There there’s the cost of paying 12 different celebrities — all of whom are “contractually obliged to lie to their family about where they’ve been”, a Warner Bros executive told the Herald in 2019 — plus a celebrity panel featuring the likes of Jackie O, Dannii Minogue, Lindsay Lohan, Urzila Carlson, Abbie Chatfield, Chrissy Swan, and Mel B  — “all stars in their own right”, as Dave Hughes pointed out when spilling the beans on 2DayFM this week, and it all adds up.

As Hughes surmised on air yesterday, “the Channel 10 budget this year doesn’t have enough money for it.
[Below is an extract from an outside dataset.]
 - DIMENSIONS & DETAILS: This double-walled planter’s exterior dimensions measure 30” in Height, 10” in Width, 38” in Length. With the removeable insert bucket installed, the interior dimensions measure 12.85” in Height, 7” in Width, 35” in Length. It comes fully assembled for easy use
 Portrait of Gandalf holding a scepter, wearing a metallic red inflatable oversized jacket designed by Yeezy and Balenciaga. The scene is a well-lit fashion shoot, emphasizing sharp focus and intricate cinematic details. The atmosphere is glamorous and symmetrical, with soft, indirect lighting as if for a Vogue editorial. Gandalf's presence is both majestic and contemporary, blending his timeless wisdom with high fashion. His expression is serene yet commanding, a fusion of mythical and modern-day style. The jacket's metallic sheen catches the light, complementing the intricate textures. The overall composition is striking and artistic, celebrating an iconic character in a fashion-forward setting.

Apparently it’s an expensive show to produce.”

But does it rate well?

To make sure we compare apples to apples, all figures will be the ‘total viewers’ for the episode, across free-to-air, BVOD, and catch-up, while all nightly ranking will be based on ‘consolidated ratings’. Each episode of The Masked Singer spikes at the end, during the mask reveal’, which will be the figure shown in brackets.
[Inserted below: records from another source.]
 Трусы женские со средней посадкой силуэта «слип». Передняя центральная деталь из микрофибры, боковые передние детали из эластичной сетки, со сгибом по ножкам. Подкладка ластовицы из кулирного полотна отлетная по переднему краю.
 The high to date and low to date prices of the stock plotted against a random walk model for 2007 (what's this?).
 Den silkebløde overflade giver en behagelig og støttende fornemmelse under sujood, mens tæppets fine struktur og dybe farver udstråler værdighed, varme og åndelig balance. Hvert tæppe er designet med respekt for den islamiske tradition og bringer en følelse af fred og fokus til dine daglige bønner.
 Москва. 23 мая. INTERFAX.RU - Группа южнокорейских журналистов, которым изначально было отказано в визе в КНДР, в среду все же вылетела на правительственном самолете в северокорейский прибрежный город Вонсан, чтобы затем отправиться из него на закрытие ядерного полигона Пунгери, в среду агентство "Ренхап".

Last year’s The Masked Singer ran for 12 episodes, stretched across nine weeks (one episode was a best of).

It debuted to an impressive 819,000 viewers (982,000 viewed the reveal), while the final episode was viewed by 829,000 (965,000). Seems fairly consistent. However, when you look at the middle(ish) episode — episode six — only 561,000 watched, which leaped to 782,000 for the mask reveal. The least-watched episode was episode five.

While these viewing figures are solid, when compared to other shows on Mondays and Tuesdays, The Masked Singer failed to perform.

The highest-viewed episode, the finale, was only the tenth most-watched program on the night (jumping to seventh-most for the winner reveal), while the show routinely hovered in the mid-teens, rankings-wise.

The first season of The Masked Singer was a smash, regularly topping the evening’s ratings, with close to 1.5 million tuning into see Cody Simpson win the finale. (season one spoiler alert!)

What about The Bachelor? This production is also very pricey, what with those helicopter dates, and more roses than the Rose Parade.

This latest season messed with the format somewhat, with three different bachelors (a concept introduced the previous year), and production moving from the Gold Coast to Melbourne – which, perhaps might have been the first sign of trouble, given they only moved production from Sydney to the GC a year prior.

Network 10 also crammed the show into three weeks, airing four episodes each week, compared the previous season’s luxurious five-week stretch. The season before enjoyed a seven-week run.

Oddly, Ten ran two seasons of The Bachelor in 2023, Season 10 in January and Season 11 in December. This seems like overkill – and it was.

Ratings started badly for Season 11, with just 408,000 total viewers watching the first episode on Sunday, December 3 (ranking 13th for the night), figures that had dropped to 149,000 by episode four, aired on Wednesday, December 6. Viewers continued to fall from there.

There was an 18-month gap between Season 9 and Season 10 – which feels like the right amount for this show.

So that’s the ratings? But what do the experts say? We asked TV Tonight’s David Knox.

“The cost of The Masked Singer, both in terms of rights and production, versus the output of just over two hours a week makes it less attractive than other shows which can be stripped across successive nights,” he told Mumbrella.

“It’s unfortunate because it’s one of the few entertainment shows that compels you to watch live for the big reveal,” he says, recalling during season one how  “you would have text messages flying back and forth between friends, trying to guess the act.”

Knox isn’t surprised to see The Bachelor gone, given it “relies heavily on its lead star and has suffered from fatigue no matter, how many ways Tehn has tried to rejig it.”

According to Knox, Ten “still has some competitive properties in MasterChef, Australian Survivor, Gogglebox and the show everybody wants, Have You Been Paying Attention? But the punishing ad market right now is hurting networks across the board, and makes execs very nervous about taking new risks.”

Ten’s big play in 2024 has been resurrecting old properties — Wheel of Fortune, Ready Steady Cook, Gladiators, and Deal Or No Deal have all had a return run this year — so it makes sense that the flipside of this strategy is benching shows for a while to allow people to miss them.